Despite all the talk of “green shoots” over the last few months, it was apparent that this recession was going to be harsh from the offset and our forecasts for the industry over past year have suggested this. This week sees the release of our latest forecasts and it makes for grim reading (unsurprisingly).

The first quarter of 2009 saw the sharpest falls in GDP and construction output on record. Overall, construction output is expected to fall 16% in 2009 with further falls in private housing and industrial, the first sectors to be hit by the recession, joined by the commercial sector.

Despite recent rises in housing starts, this is from catastrophically low levels and the increases, while welcome, would still leave 2009 with the lowest number of housing starts since 1924, excluding World War II. Credit conditions are clearly still difficult and constraining both demand and supply.

One of the most noticeable factors in this recession is how quickly the commercial sector has been hit. Usually, the commercial sector starts to contract two years after recession in housing and industrial. However, in this recession, the lag has only been one year.

This means that the first year of commercial sector falls occur simultaneously with the second year of falls in housing and industrial, exacerbating the fall, overall, in construction.

New build offices is expected to fall more than 50% over the next two years with retail falling over 40% over the same period, which as shocking as it is, makes intuitive sense.

 In the grand scheme of things, with insolvencies up 52% and so much offices and retail space available, why would you be building new office or retail space?

In the short term, public sector construction is providing growth and contractors on education and health frameworks may still be relatively isolated from the worst of the recession.

However, medium term, the situation doesn’t look so bright. The public borrowing figures are unprecedented and unsustainable. Three years ago, public borrowing for the year was £35bn. In the first two months of this financial year, borrowing was already £30bn, with expectations that it may rise to £180bn for 2009/10 or 14% of GDP.

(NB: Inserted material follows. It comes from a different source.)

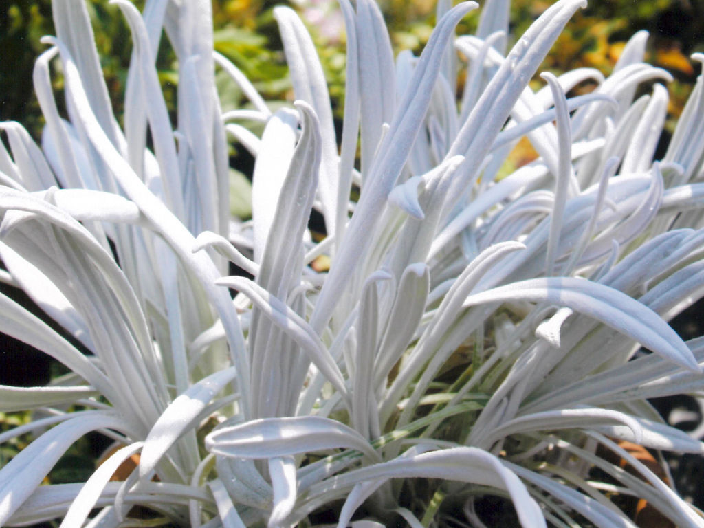 群植するとそこだけ別世界が広がるようで、シロタエギクなど、他のシルバーリーフプランツとはだいぶ印象が異なります。

This means spending cuts. Sharp spending cuts, especially on capital expenditure.

Private sector construction isn’t going to recover until economic activity and credit availability improve.

Public sector construction is going to fall considerably post-election, whoever is in power, and constrain recovery for the industry. After 2013, even if growth returns to trend each year then output will not get back to 2007’s levels until 2020... a worrying prospect.